More meticulously following Treat-To-Target in RA does not lead to less radiographic progression: A longitudinal analysis in BIODAM.
In this cohort from real life clinical practice, more meticulously following Treat-to-Target (T2T) principles did not result in greater reduction of radiographic progression than a somewhat more liberal T2T approach.

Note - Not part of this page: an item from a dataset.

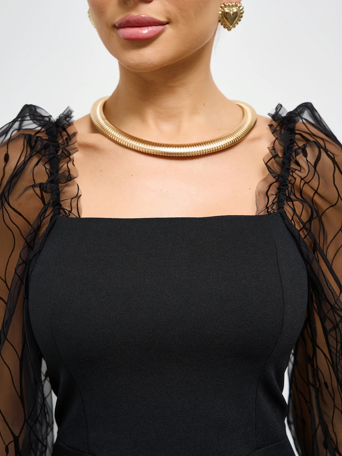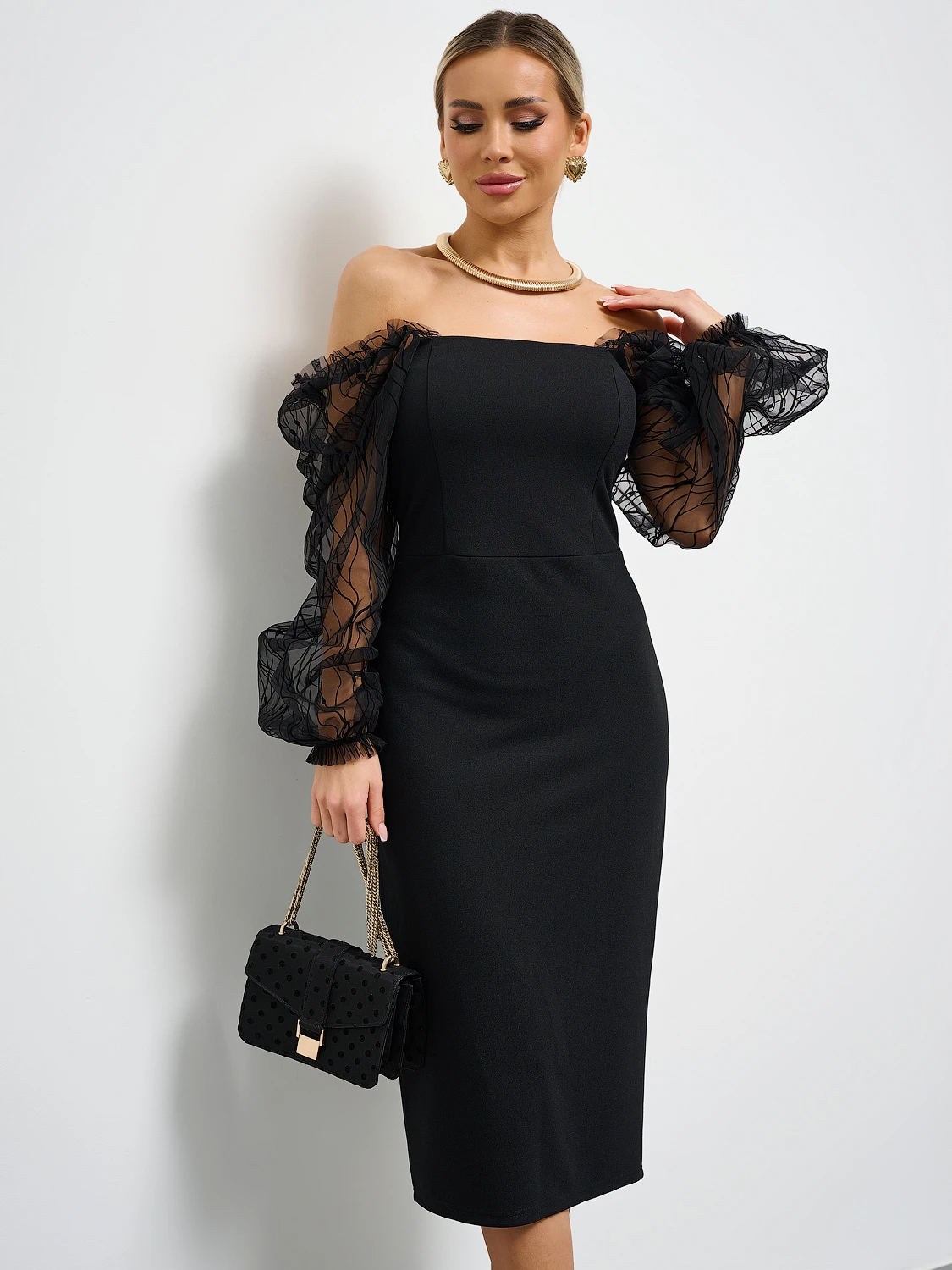 Платье из трикотажа,  отрезное по линии талии,  с рельефным верхом. Рукава выполнены из сетки с рисунком.

One possible interpretation of these results is that the intention to apply T2T already suffices and that a more stringent approach does not further improve outcome.
Research Team: Ramiro S, Landewe R, van der Heijde D, Sepriano A, Fitzgerald O, Ostergaard M, Homik J, Elkayam O, Thorne C, Larche M, Ferraccioli G, Backhaus M, Boire G, Combe B, Schaeverbeke T, Saraux A, Dougados M, Rossini M, Govoni M, Sinigaglia L, Cantagrel A, Allaart C, Barnabe C, Bingham C, van Schaardenburg D, Hammer H, Dadashova R, Hutchings E, Paschke J, Maksymowych W.

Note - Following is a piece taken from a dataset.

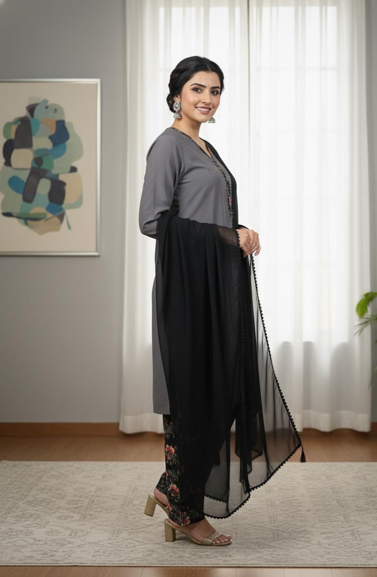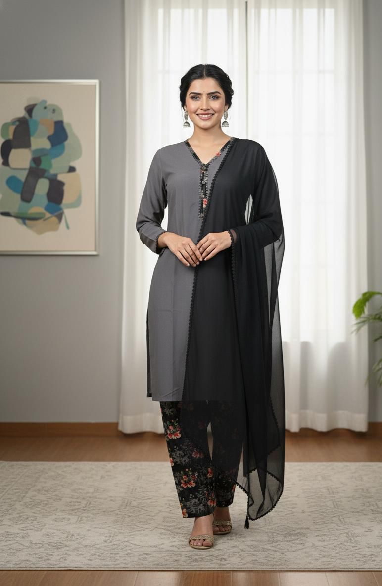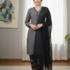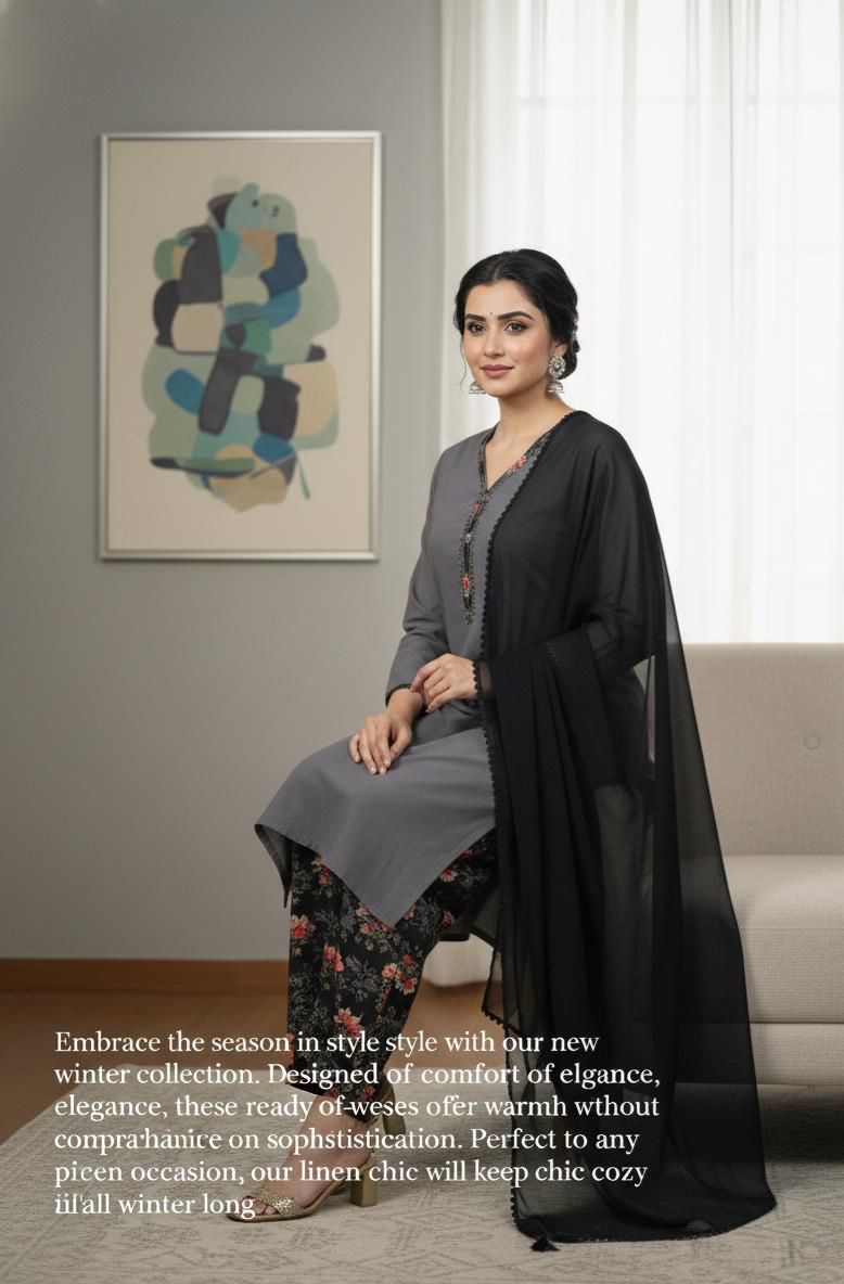 Festive Collection Vol 1 & 2A chic and timeless ensemble featuring a solid linen shirt in a vibrant tone, paired with a printed linen shalwar that adds a touch of floral elegance. The look is completed with a plain black chiffon dupatta, giving the outfit a graceful, flowy finish. Perfect for everyday wear, casual outings, or semi-formal gatherings, this outfit blends comfort with effortless style.

Equity considerations in COVID-19 vaccination studies of individuals with autoimmune inflammatory rheumatic diseases.
It is unknown whether COVID-19 vaccine studies on individuals with autoimmune inflammatory rheumatic diseases are applicable to populations experiencing health inequities, as key inequity factors beyond age and sex are no reported or analyzed.
Research Team: Wang H, Dewidar O, Whittle S, Ghogomu E, Hazlewood G, Mbuagbaw L, Pardo Pardo J, Robinson P, Buchbinder R, Welch V.
The 2021 EULAR and ACR points to consider for diagnosis, management and monitoring of the IL 1 Mediated autoinflammatory diseases: Caps, Traps, MKD, and DIRA.
The 2021 EULAR/ACR points to consider provide state-of-the-art knowledge based on published data and expert opinion to guide diagnostic evaluation, treatment, and monitoring of patients with a series of inflammatory diseases, called CAPS, TRAPS, MKD and DIRA, and inform how to optimize patient care to improve disease outcomes.
Research Team: Romano M, Arici ZS, Piskin D, Alehashemi S, Aletaha D, Barron K, Benseler S, Berard R, Broderick L, Dedeoglu F, Diebold M, Durrant K, Ferguson P, Foell D, Hausmann J, Jones O, Kastner D, Lachmann HJ, Laxer R, Rivera D, Rupert N, Simon A, Twilt M, Frenkel J, Hoffman H, De Jesus A, Kuemmerle-deschnenr J, Ozen S, Gattorno M, Goldbach-Mansky R, Demirkaya E on behalf of EULAR/ACR IL1 mediated group.